The 1948 codification was intended “[to] bring the Federal criminal statutes into one place, so as to avoid the necessity of going from one volume to another in order to ascertain what the criminal law of the Nation is.” Id. As the Supreme Court has stated, Title 18 of the United States Code “codifies the federal criminal laws.” Pennsylvania v. Nelson, 350 U.S. 497, 519 (1956); see also Kansas v. Hendricks, 521 U.S. 346, 361 (1997) (stating that legislatures demonstrate whether a statute is criminal or civil based on whether the legislature codifies the statute in a criminal or noncriminal code).
Furthermore, the WSLA was codified within a broader set of provisions addressing limitations periods within the criminal code, 18 U.S.C. §§ 3281-3301. These provisions uniformly use “offense” to describe only crimes.
In Carter, the U.S. Department of Justice did not express a position as to whether the WSLA applies to civil claims, such as claims under the False Claims Act. The United States declined to intervene in Carter and the matter was being litigated by the qui tam relator on the government’s behalf. In Wells Fargo and BNA Pariabas, however, the Department of Justice did argue that the WSLA applies to FCA cases. The solicitor general should respond to the Supreme Court’s invitation in Carter by recognizing that the government’s position in Wells Fargo and BNA Pariabas was erroneous. In addition, the Supreme Court should grant cert in Carter and reverse the Fourth Circuit.

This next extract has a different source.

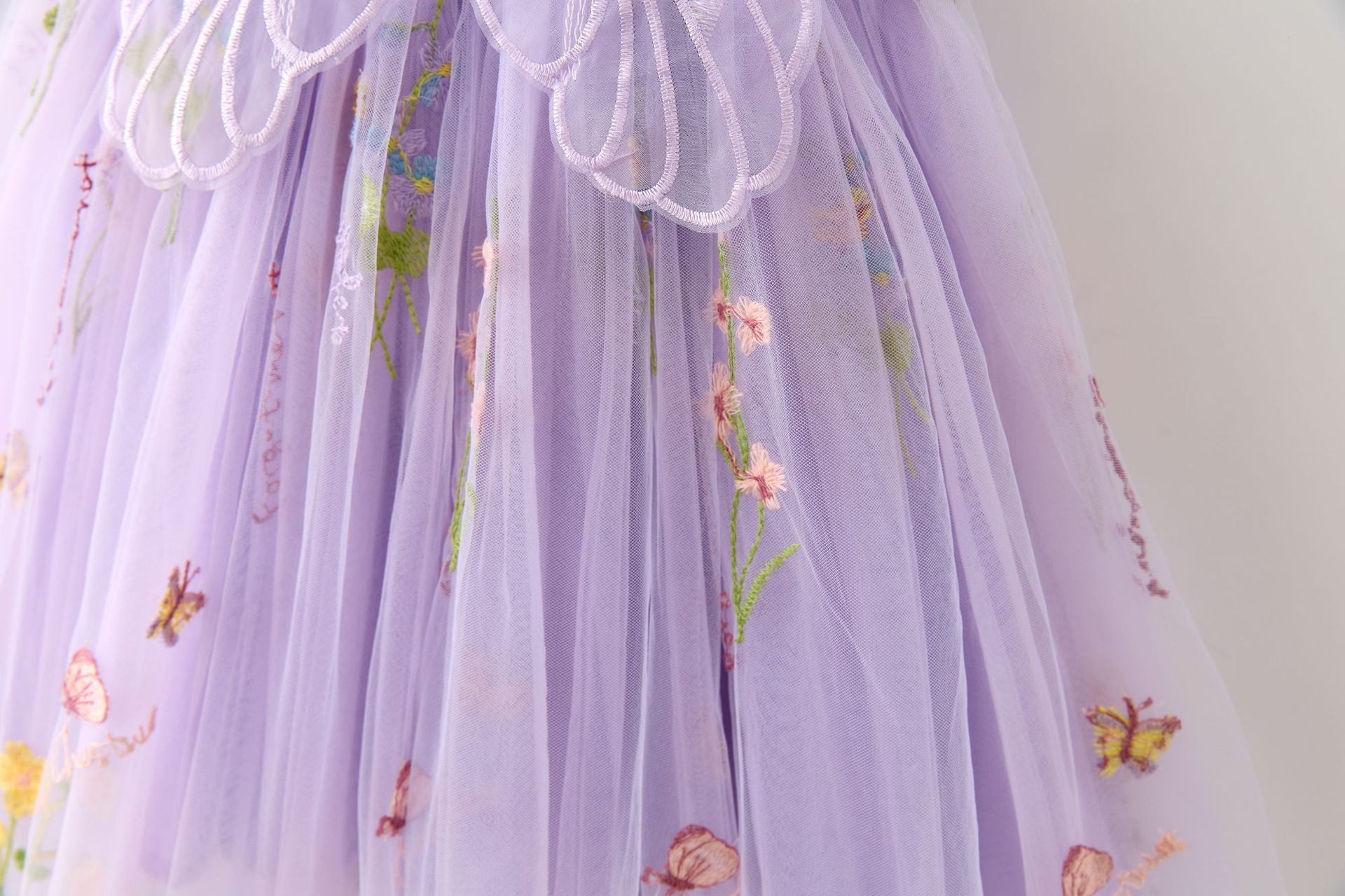 새로운 어린이 원피스 날개 원피스 소녀 공연 사진 원피스 생일 공주 원피스 자수 메쉬 원피스
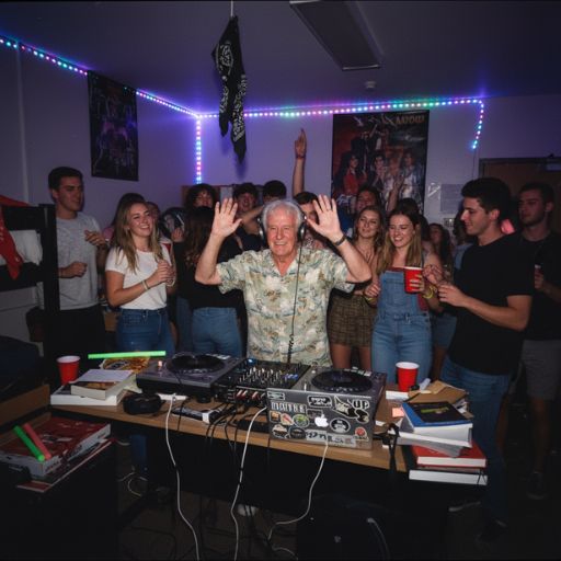 Hawaiian shirt, big grin, carrying a crate under his arm. Nobody invited him—he just appeared. Before I could say anything, he marched straight to the DJ table, nudged my roommate aside, and started fiddling with the turntables like he’d been doing it his whole life.

Allowing the Carter ruling to stand will result in tremendous unfairness to government contractors and Medicare and Medicaid providers. Conduct occurring in 1995 would not be barred by the FCA statute of limitations until at least five years after either the president or Congress declares that hostilities in both Iraq and Afghanistan have terminated, whenever that may be. If such proclamations occur in 2016, President Obama’s last year in office, the statute of limitations for conduct occurring in 1995 would not expire until 2021.
With ever-increasing numbers of qui tam actions filed each year (647 filed in 2012), government contractors and health care providers face the risk of stale and meritless lawsuits that are expensive to defend and that pose the potential for ruinous liability.